Since the algorithm works for an array with input elements in the range from 0 to k for some integer k, the pre-processing on A would have to modify the elements in A to fit such a range. If array A originally has the range i – j , i < j and i > 0 the pre-processing would include performing some operation on each element such that the new range was 0 – k. One way to do this would be to subtract the smallest value in the array from every element. So if the array was [2, 5, 3, 4] (i = 2, j = 5), then the pre-processing would subtract 2 (the smallest element) from all elements in the array. The result would be [0, 3, 1, 2]. This array’s range is now 0 – 3 and therefore fits the range specifications (0 – k) for the algorithm.

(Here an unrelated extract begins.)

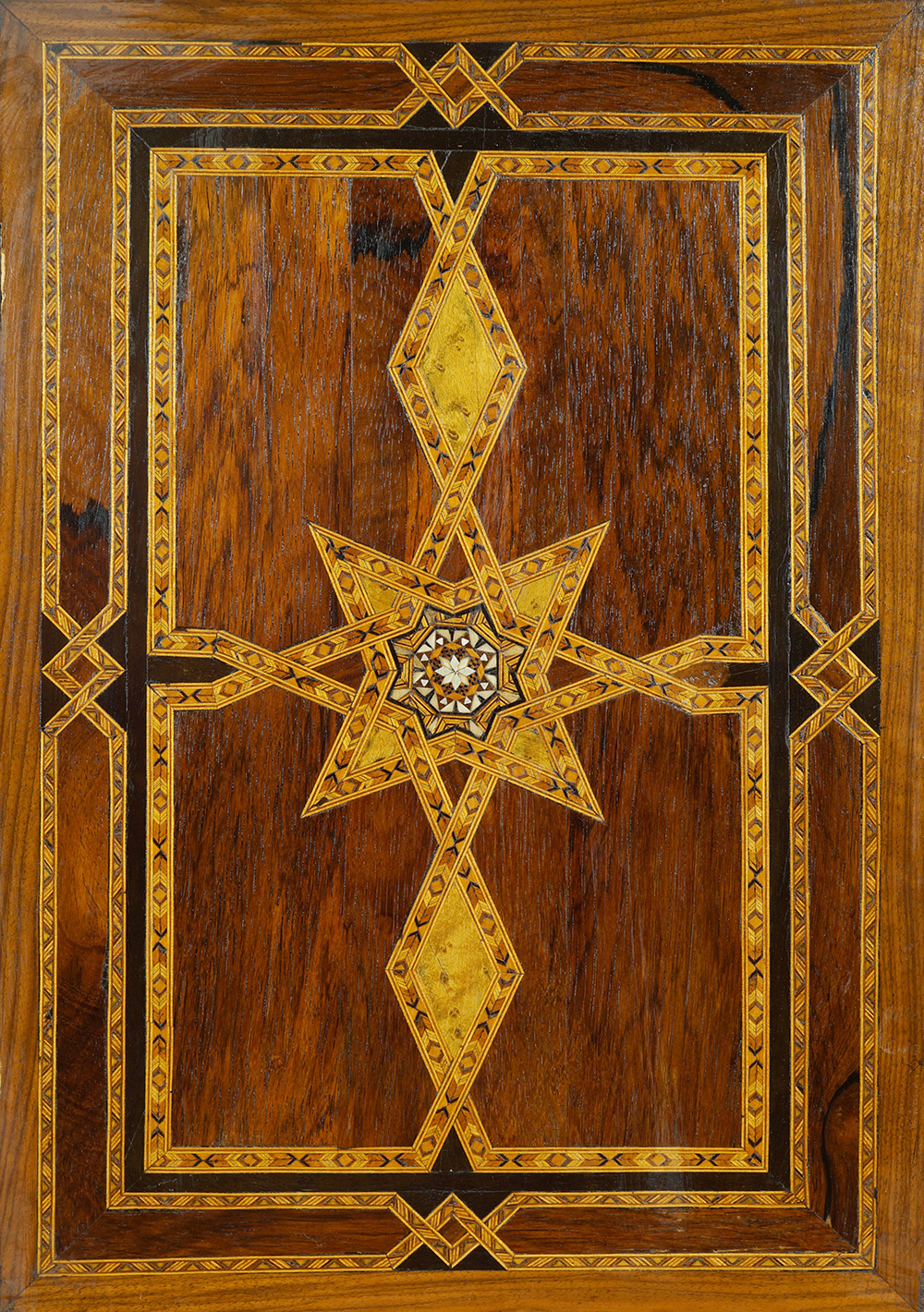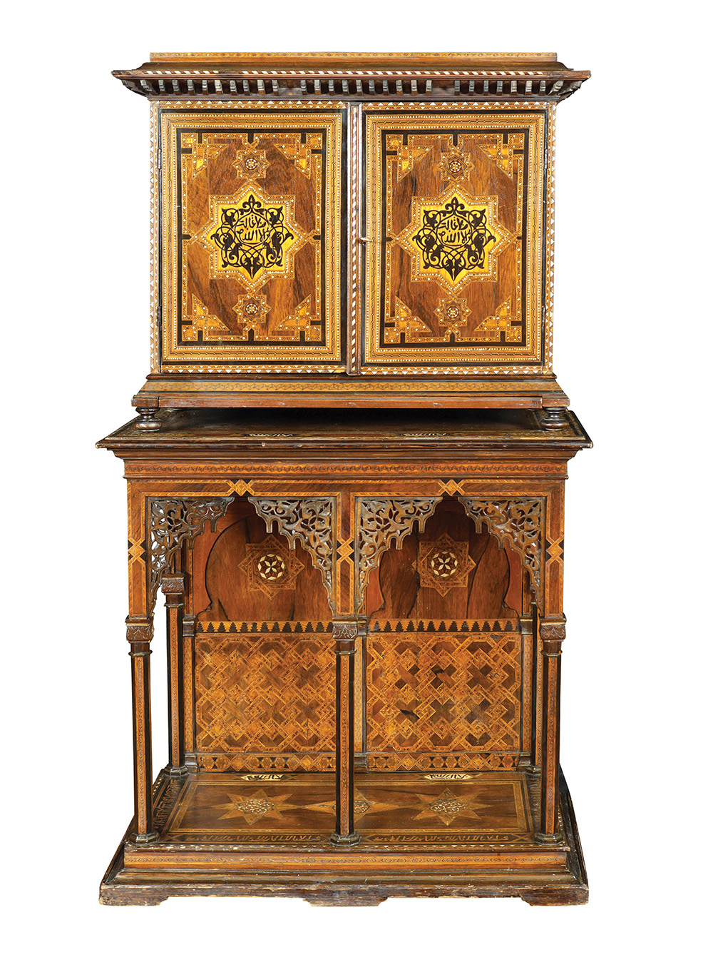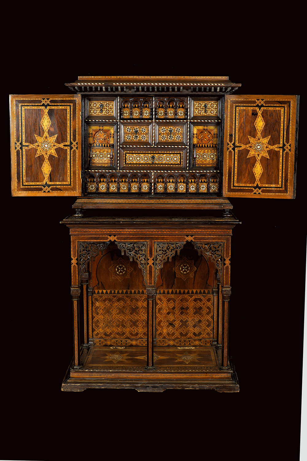 Particolare stipo a due corpi in palissandro Marocco, fine XIX secolo 156x89x43 cm. riccamente intarsiato a motivi geometrici in legni di frutto, madreperla e osso, parte superiore a due sportelli con all'interno cassetti di varie dimensioni e forme, parte inferiore due elementi rettangolari uniti da colonne ottagonali ed elementi in legno traforato e intagliato a motivo floreale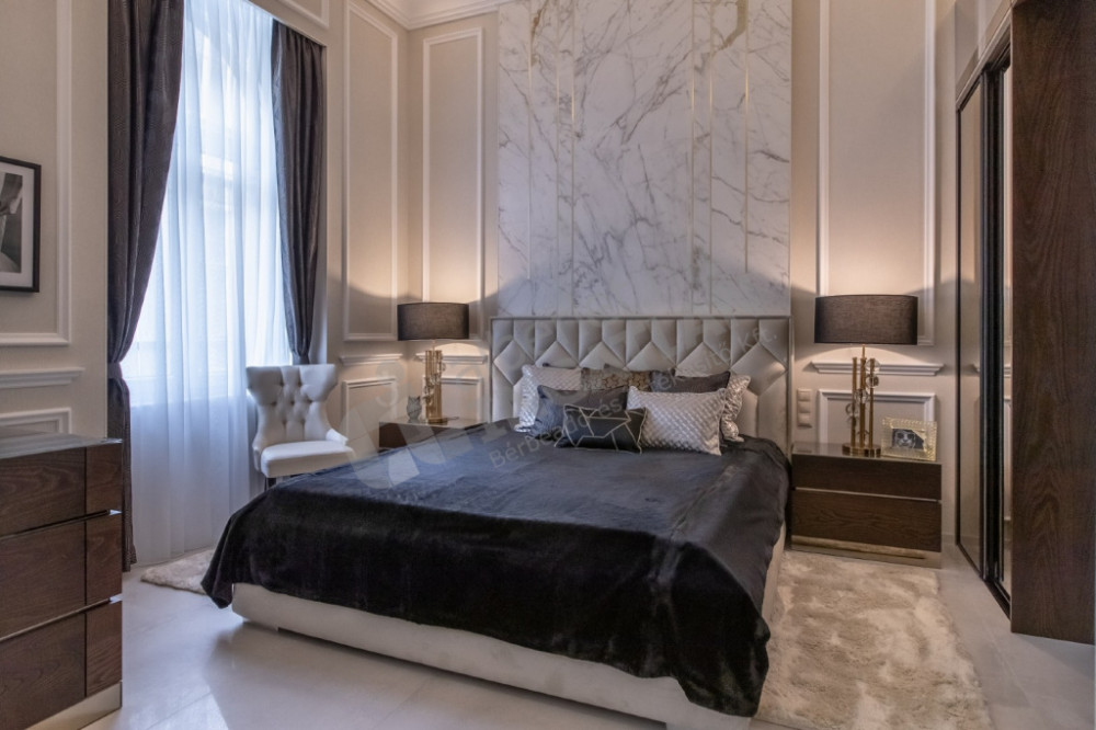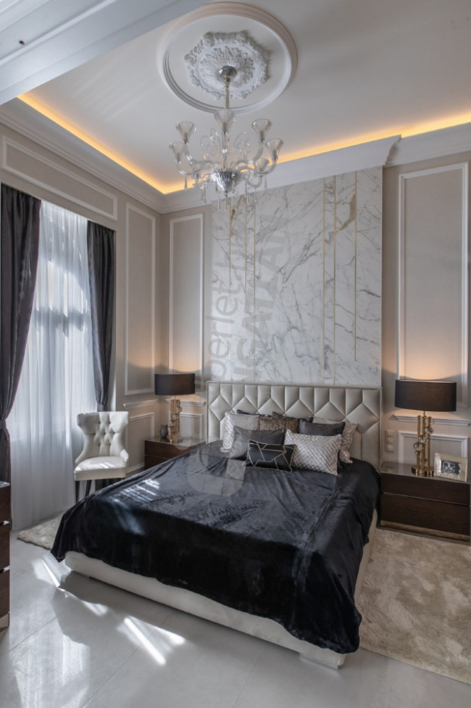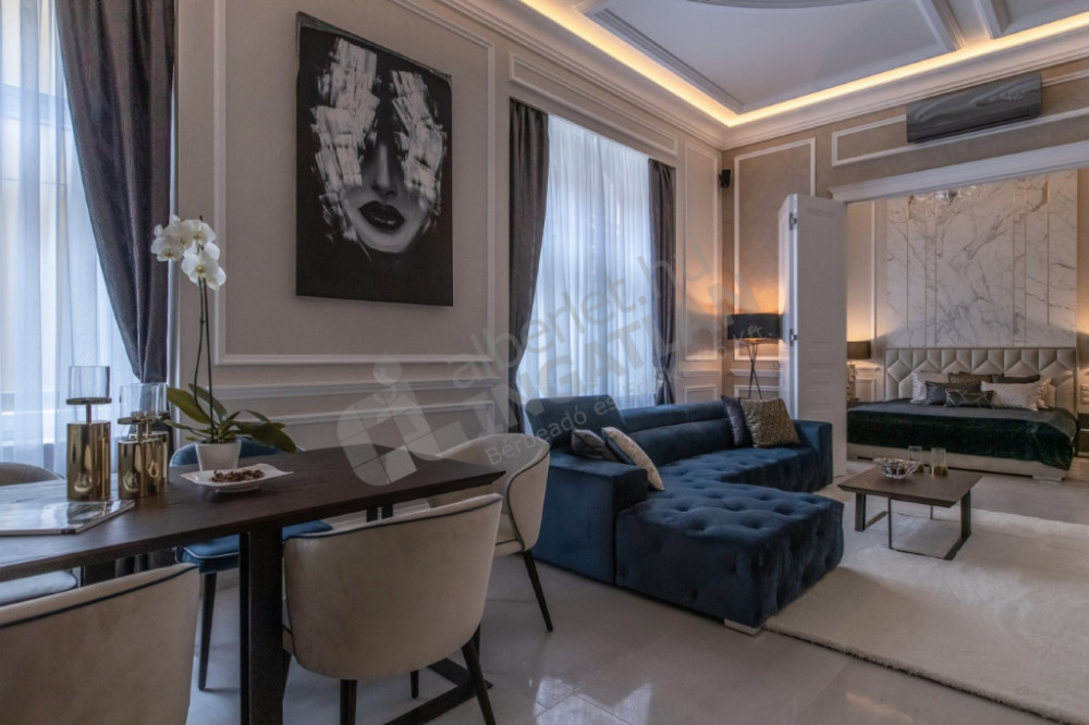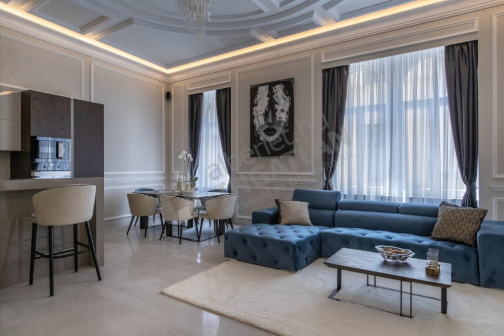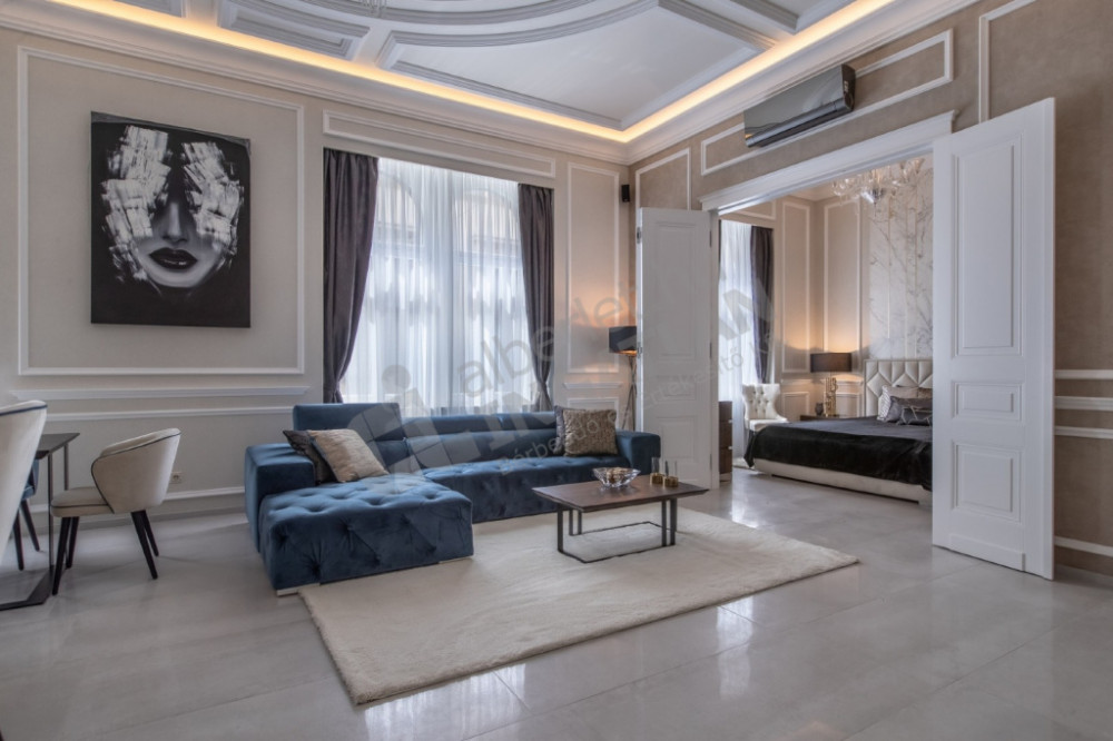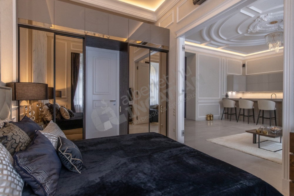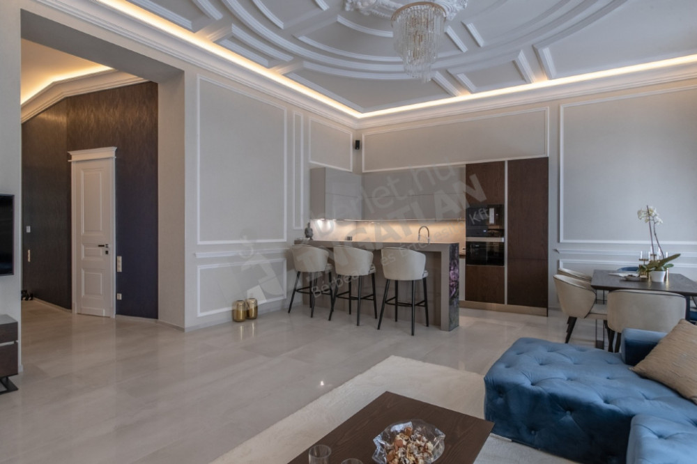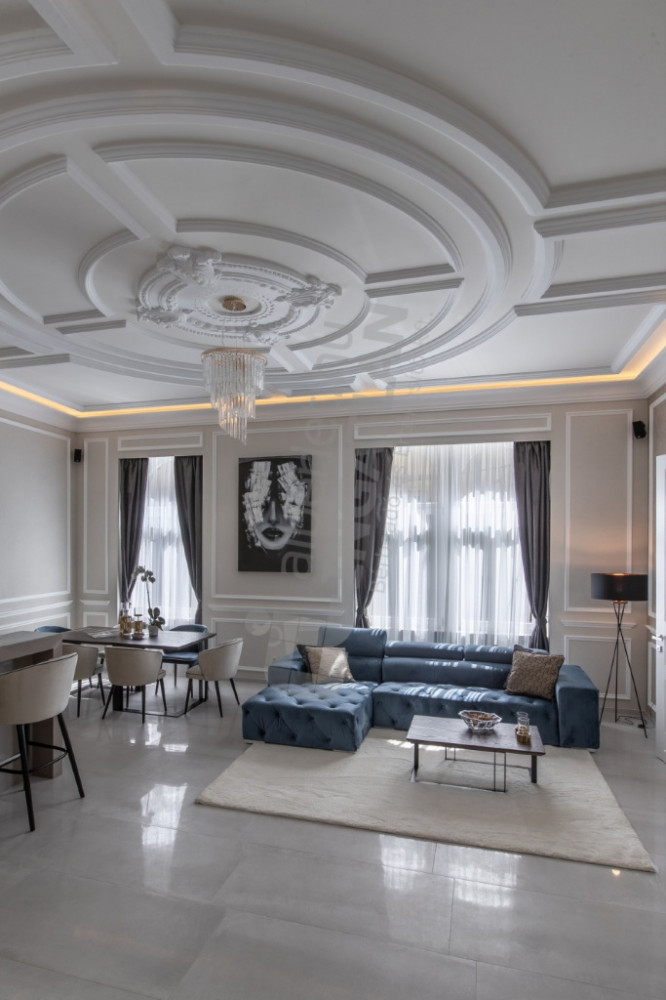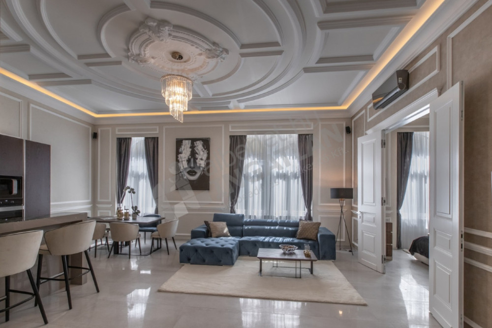 The most striking specialty of the apartment is the uniquely designed and manufactured plaster ceiling in the living room and bedrooms, as well as the plaster cassettes on the side walls evoking a bourgeois atmosphere, all of which were made with unique handiwork.

(b) What is the value of k in this case (the algorithm requires prior knowledge of the input range 0-k)? The value of k would be the largest element in the array. After the pre-processing this value will be j – i (the largest value from the initial range minus the smallest value from the initial range). (c) What is the post-processing on B that can be done so that the algorithm can work with no modifications?
Since pre-processing only involved subtracting the smallest element from the original array, all that must be done to get back the original array in sorted order is to add the value of i (the smallest element) back to the array.

4. (7 points) Radix Sort
If Radix Sort is used to sort an array of words alphabetically, and the input array is A=
CATS BATS BITS PINE DIG< > BORE DIM< >
show the array after each pass of the outer loop of the algorithm completes. < > is a single blank character that is used to pad words with less than 4 characters and it appears before the letter A in alphabetic ordering.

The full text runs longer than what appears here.